▶ [Problem requirements]
When you transcribe the entries below, keep the wording exact and omit the pictures.

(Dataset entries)
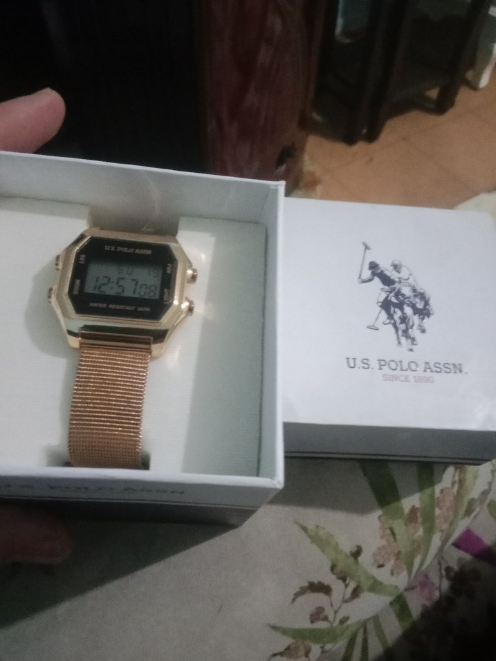 U.S. Polo Assn. markalı, altın renkli, bel kemerli dijital kadın kol saati. Vintage ve streetwear tarzına uygun. ⌚
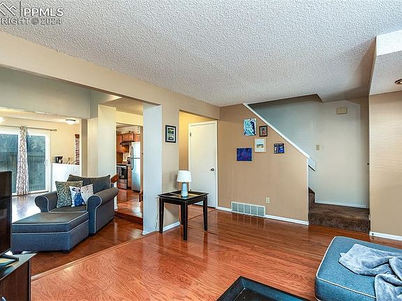 Beautiful move in ready town home close to Cheyenne Mountain, Fort Carson, downtown and so much more! As you enter the home you will notice expansive wood floors covering the whole main level and a unique and inviting open floor plan. The kitchen offers newer updated cabinets with SS appliances and a large usable pantry to top it off! Upstairs you have two large bedrooms with the primary bedroom featuring an attached full bathroom and walk in closet. The secondary bedroom is right next to another 3/4 bathroom making it a great kid room, guest room, or perfect for a roommate! Outside you will enjoy having your own enclosed concrete patio with mountain views ready for summer grilling and relaxing. With plenty of guest parking by the unit and an assigned spot, this home is accessible and ready for a new owner! Come take a look, you won't be disappointed!
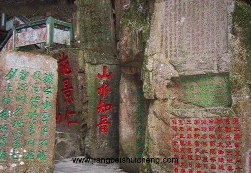 1.宋時(shí)徐錫之題喝水巖詩(shī):“重巒復(fù)嶺鎖松關(guān),只欠泉聲入座間;我若當(dāng)年侍師側(cè),不教喝水過他山” 認(rèn)為此處重巒疊嶂,不可無水;當(dāng)年要是他在,就會(huì)勸法師不要讓溪水改道。用反意評(píng)說歷史傳說,亦饒有風(fēng)趣。
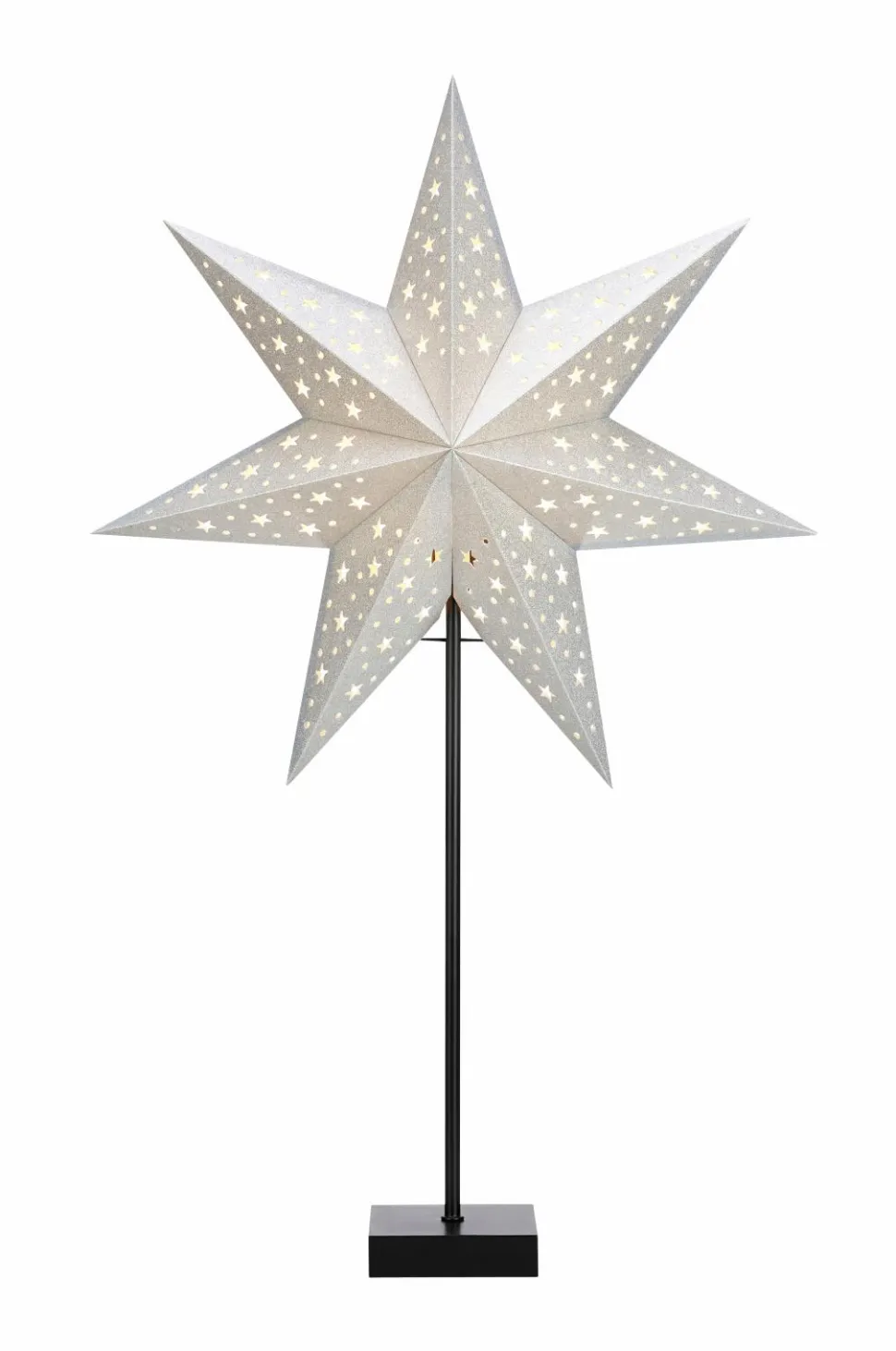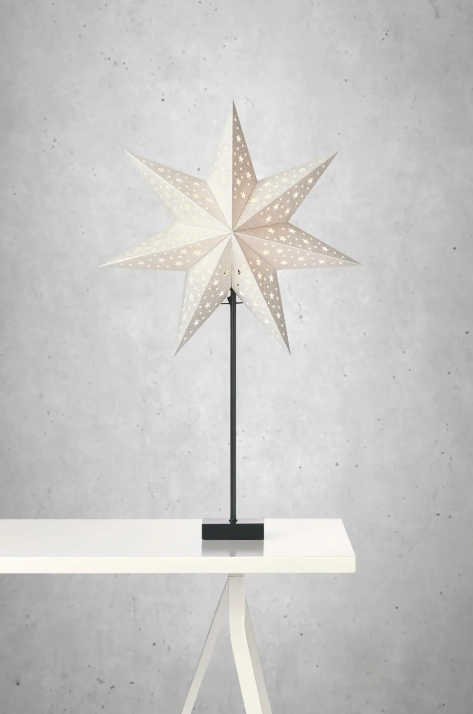 Solvalla Bordstjerne. Lampens fod i træ og metal, skærm af papir. Højde 69 cm, bredde 45 cm, dybde 21 cm. Bred lampefod 10 cm. E14-fatning, maks. 25 W. Ledningslængde 2 meter.
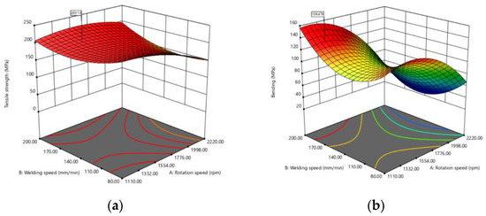 Solid-state welding joints are used to reduce problems of distortion, cracking, and metallurgical changing. Friction stir welding (FSW) generates welding temperatures lower than the melting point temperature of materials, resulting in less gain changing and favorable joints after material welding [5,6,7,8,9,10]. Therefore, the friction stir welding process produces a welded seam with sufficient mechanical properties and structure [11,12]. Several works have studied the relative process parameters of mechanical properties and metallurgical structure. The parameters measure influences on welded seam quality, including rotation speed, welding speed, tilt angle, tool geometries, and the ratio shoulder to pin diameter (D/d), that affect heat generation, material deformation, material flow, material mixing, defects, strength, and metallurgical changing in weld line structure [13,14,15,16,17,18,19]. The parameters of the friction stir welding process have been studied by optimized methods such as factorial design [20], Taguchi design [21,22], grey relational method [23,24], response surface method [13,25], and combined methods [26,27,28,29]. The optimized methods can effectively control the mechanical property and defects of the weld line [30,31,32]. The weld line performance depends on many properties, such as tensile strength, hardness, impact, corrosion resistance, etc. A survey of the literature found that several kinds of research have emphasized that the main property target is tensile strength, in that it affects weld line usability performance. Consequently, tensile testing is used for quality measurements of weld line structures, being the main performance indicator of materials [33]. Thus, tensile strength has not been neglected in considering the mechanical property of the weld line. The hardness property is the second mechanical property of interest to study. Both hardness and tensile properties have a direct relationship with the material’s exhibited high hardness value, and the tensile strength will increase in value, according to the reports of Khodabakhshi and Gerlich [34], and Chen and Cai [35]. Thus, hardness and other mechanical properties are ignored in the many studies shown in Table 1. Moreover, the mechanical property study of weld seams depends on weld line usability. However, bending is the weld line mechanical property that has not been studied for quality improvement in the automotive or marine industries. Therefore, the bending property should be studied together with the other properties. Several studies on aluminum alloy welding have presented optimization of the multi-objective strategy for many properties together in one welding condition because it provides desirable property parameters for the target requirement [29,36,37,38].

▶ [Result of this exercise]
 U.S. Polo Assn. markalı, altın renkli, bel kemerli dijital kadın kol saati. Vintage ve streetwear tarzına uygun. ⌚
 Beautiful move in ready town home close to Cheyenne Mountain, Fort Carson, downtown and so much more! As you enter the home you will notice expansive wood floors covering the whole main level and a unique and inviting open floor plan. The kitchen offers newer updated cabinets with SS appliances and a large usable pantry to top it off! Upstairs you have two large bedrooms with the primary bedroom featuring an attached full bathroom and walk in closet. The secondary bedroom is right next to another 3/4 bathroom making it a great kid room, guest room, or perfect for a roommate! Outside you will enjoy having your own enclosed concrete patio with mountain views ready for summer grilling and relaxing. With plenty of guest parking by the unit and an assigned spot, this home is accessible and ready for a new owner! Come take a look, you won't be disappointed!
 1.宋時(shí)徐錫之題喝水巖詩(shī):“重巒復(fù)嶺鎖松關(guān),只欠泉聲入座間;我若當(dāng)年侍師側(cè),不教喝水過他山” 認(rèn)為此處重巒疊嶂,不可無水;當(dāng)年要是他在,就會(huì)勸法師不要讓溪水改道。用反意評(píng)說歷史傳說,亦饒有風(fēng)趣。
 Solvalla Bordstjerne. Lampens fod i træ og metal, skærm af papir. Højde 69 cm, bredde 45 cm, dybde 21 cm. Bred lampefod 10 cm. E14-fatning, maks. 25 W. Ledningslængde 2 meter.
 Solid-state welding joints are used to reduce problems of distortion, cracking, and metallurgical changing. Friction stir welding (FSW) generates welding temperatures lower than the melting point temperature of materials, resulting in less gain changing and favorable joints after material welding [5,6,7,8,9,10]. Therefore, the friction stir welding process produces a welded seam with sufficient mechanical properties and structure [11,12]. Several works have studied the relative process parameters of mechanical properties and metallurgical structure. The parameters measure influences on welded seam quality, including rotation speed, welding speed, tilt angle, tool geometries, and the ratio shoulder to pin diameter (D/d), that affect heat generation, material deformation, material flow, material mixing, defects, strength, and metallurgical changing in weld line structure [13,14,15,16,17,18,19]. The parameters of the friction stir welding process have been studied by optimized methods such as factorial design [20], Taguchi design [21,22], grey relational method [23,24], response surface method [13,25], and combined methods [26,27,28,29]. The optimized methods can effectively control the mechanical property and defects of the weld line [30,31,32]. The weld line performance depends on many properties, such as tensile strength, hardness, impact, corrosion resistance, etc. A survey of the literature found that several kinds of research have emphasized that the main property target is tensile strength, in that it affects weld line usability performance. Consequently, tensile testing is used for quality measurements of weld line structures, being the main performance indicator of materials [33]. Thus, tensile strength has not been neglected in considering the mechanical property of the weld line. The hardness property is the second mechanical property of interest to study. Both hardness and tensile properties have a direct relationship with the material’s exhibited high hardness value, and the tensile strength will increase in value, according to the reports of Khodabakhshi and Gerlich [34], and Chen and Cai [35]. Thus, hardness and other mechanical properties are ignored in the many studies shown in Table 1. Moreover, the mechanical property study of weld seams depends on weld line usability. However, bending is the weld line mechanical property that has not been studied for quality improvement in the automotive or marine industries. Therefore, the bending property should be studied together with the other properties. Several studies on aluminum alloy welding have presented optimization of the multi-objective strategy for many properties together in one welding condition because it provides desirable property parameters for the target requirement [29,36,37,38].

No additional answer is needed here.